Skipping way ahead (because this isn’t a blog about deconstructing entire films), the protagonist has made a mostly clean get away, but unfortunately is suffering from a mortal wound. He takes a white horse from a farm in the middle of unknown territory and rides off in the snow, slouched against the horse’s neck and coughing blood all down the animal’s white body. The final shot shows the horse, painted with blood, grazing on top of a hill. The protagonist has presumably died.  

Takeaways

I had remembered Essential Killing being about injustice, but the film doesn’t try to make that argument, except perhaps the torture scenes. So much of the context and background in Essential Killing is left untold that it’s really not worth arguing the morality of the war in general, there are other films for that. Essential Killing is a survival thriller to the likes of Crank or The Grey, but stripped down to a crude narrative framework that has been disguised by symbols that evoke strong emotions. This character arc could have (ahem, has) taken place with a protagonist who is instead a U.S. soldier, a tourist, a landman (e.g., The Grey), etc.

When you look past the political symbols that really have no weight to the story, this film is asking if the code this character follows for taking life is ethical or not. Can the audience root for a Taliban fighter to succeed because of how he acts on this code? What does his code and his ability to put it into action say about him? This is where the real essence seems to be for the story. When we see him refrain from killing, is it because of moral code, or because killing can draw the soldiers to him?

Can the audience root for a Taliban fighter who is presented as an underdog – outnumbered and under resourced – if he’s up against a group of people using their power to imprison and torture him? There are times it seems the director is trying to nudge the audience to root for him. The scene with the trapped Border Collie plays to our emotions. The protagonist discovers the dog during an intense chase, which is presented through one of the tensest shot sequences in the film. The dog is curled up and whimpering. We’re not really sure what’s going to happen, it seems like there’s nothing he can do to escape, but he strategically wraps his bloody sock around the dog’s paw and sets it free to lead the soldiers and their dogs away. Western audiences are suckers for dogs. How many times have you heard, or maybe said yourself, “kill all the people you want, but don’t kill the fucking dog!” (see I am Legend and John Wick for starters). Surely some people are won over by him saving the dog. And yet, one can make the argument there was no motivation for the protagonist to kill the Border Collie, or he would’ve, and instead the scene shows the protagonist’s ingenuity.

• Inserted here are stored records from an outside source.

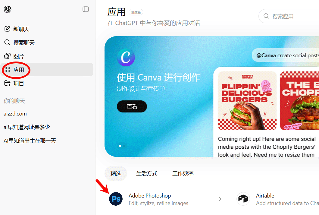 找到入口:在 ChatGPT 左侧侧边栏点击 “应用”,搜索 “Adobe Photoshop” 或者相关的 Photoshop 官方插件。
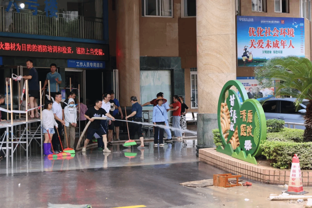 在清淤现场,党员干部冲锋在前作表率,纷纷拿着扫帚、木耙,配合高压水枪冲洗黏附污渍,合力清扫积水、淤泥和散落的垃圾,将各类物资、设备整理归位。大家齐心协力、分工明确,受积水影响的住院部、药房等部门逐渐恢复正常运行状态。
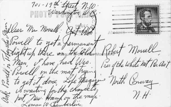 Transcription: "Dear Mr Morrell: Get Wes Powell to get a permanent light up there on the Old Man. I have had Wes Powell on the mat trying to get it done. Life Magazine is waiting for the chance to put New Hamp. on the map.
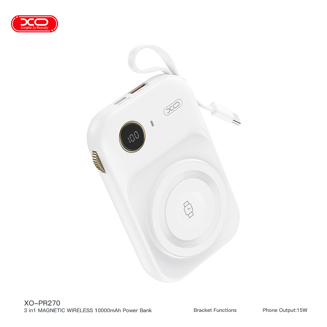 Sạc dự phòng không dây XO PR270 - 10.000mAh, sạc nhanh đa năng 3 trong 1
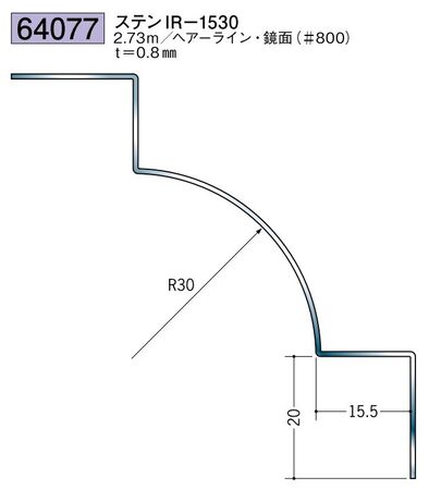 ステンレス製入隅ジョイナー ステンIR-1530 ヘアーライン/鏡面(#800) 長さ2.73m価格: 20,510円 (税別) 〜
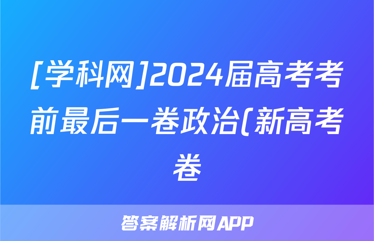 [学科网]2024届高考考前最后一卷政治(新高考卷)(新教材)答案正在持续更新,目前2026卷行天下答案网为大家整理了相关试题及答案,供大家查缺补漏,高效提升成绩。
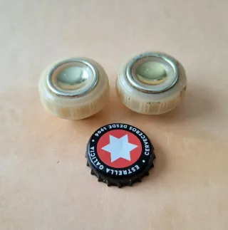 Dos botones para radio antigua. Son de color crema con detalles metálicos. - Son originales/ No copias. - Material: Plástico y metal. - Diseño usado en radios años 50 -lote número 42

And yet if you are going to kill a dog, kill one that more closely resembles a generic police officer or soldier (never if the dog is part of a cop movie). When one of these dogs is attacking you like the German Shepherd, it’s a relief when the dog finally does die (see The Green Room).

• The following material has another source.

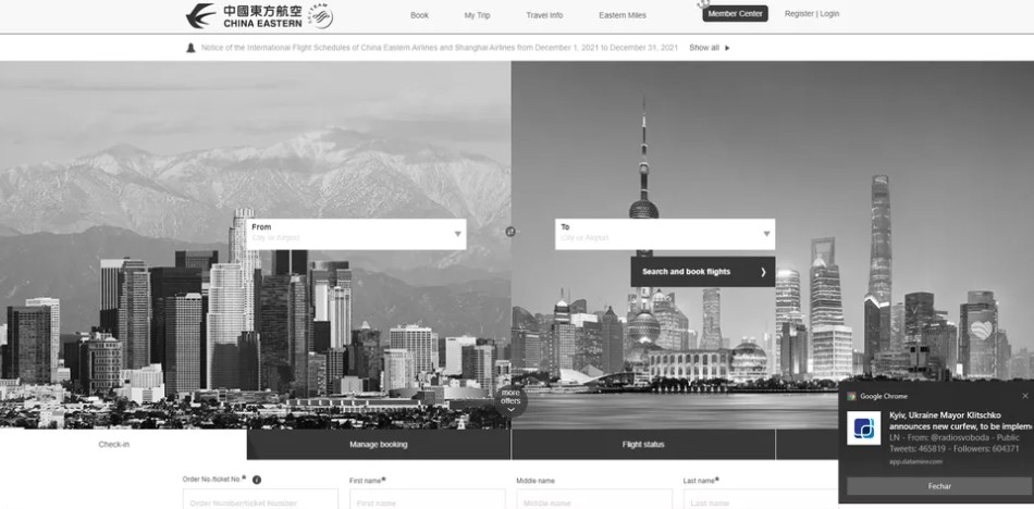 O site da China Eastern airlines colocou o site da companhia em preto e branco como forma de luto por conta do acidente.

Oh, and the Border Collie, we’ll call it McGuffin. McGuffin returns a couple of times throughout the movie, the best scene being where the protagonist starts to hallucinate from some psychedelic berries he ate in the forest and is visited by a few dozen clones of McGuffin. And when a protagonist develops a relationship with an animal in the wild, we’re supposed to trust the animal’s intuition and root for the protagonist too (see Dances with Wolves).

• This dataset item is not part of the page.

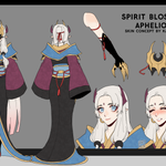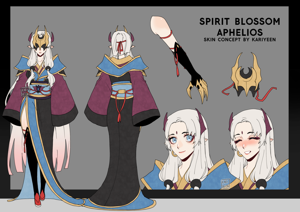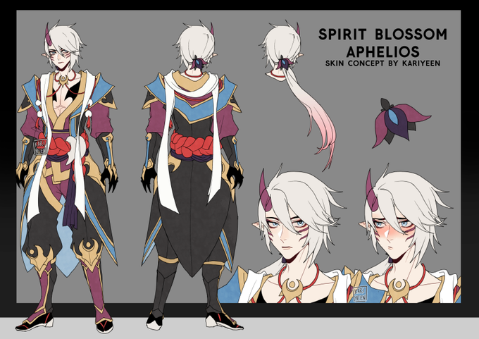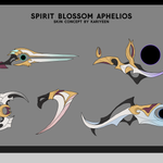 Here's the designs for my Spirit Blossom Aphelios! I drew Alune and the weapons too. #LeagueOfLegends #ArtofLegends #Aphelios

As for whether or not Skolimowski was successful, Essential Killing has a 77% on Rotten Tomatoes (46% Audience Score) and three stars from Ebert. I think this film is definitely going to fall along political lines, especially in today’s climate, with conservative viewers being unable to stomach a protagonist in the Taliban and liberal viewers thinking it’s more edgy or groundbreaking than it really is.

Keep or Purge?

Keeping for now. Could see myself parting with it eventually.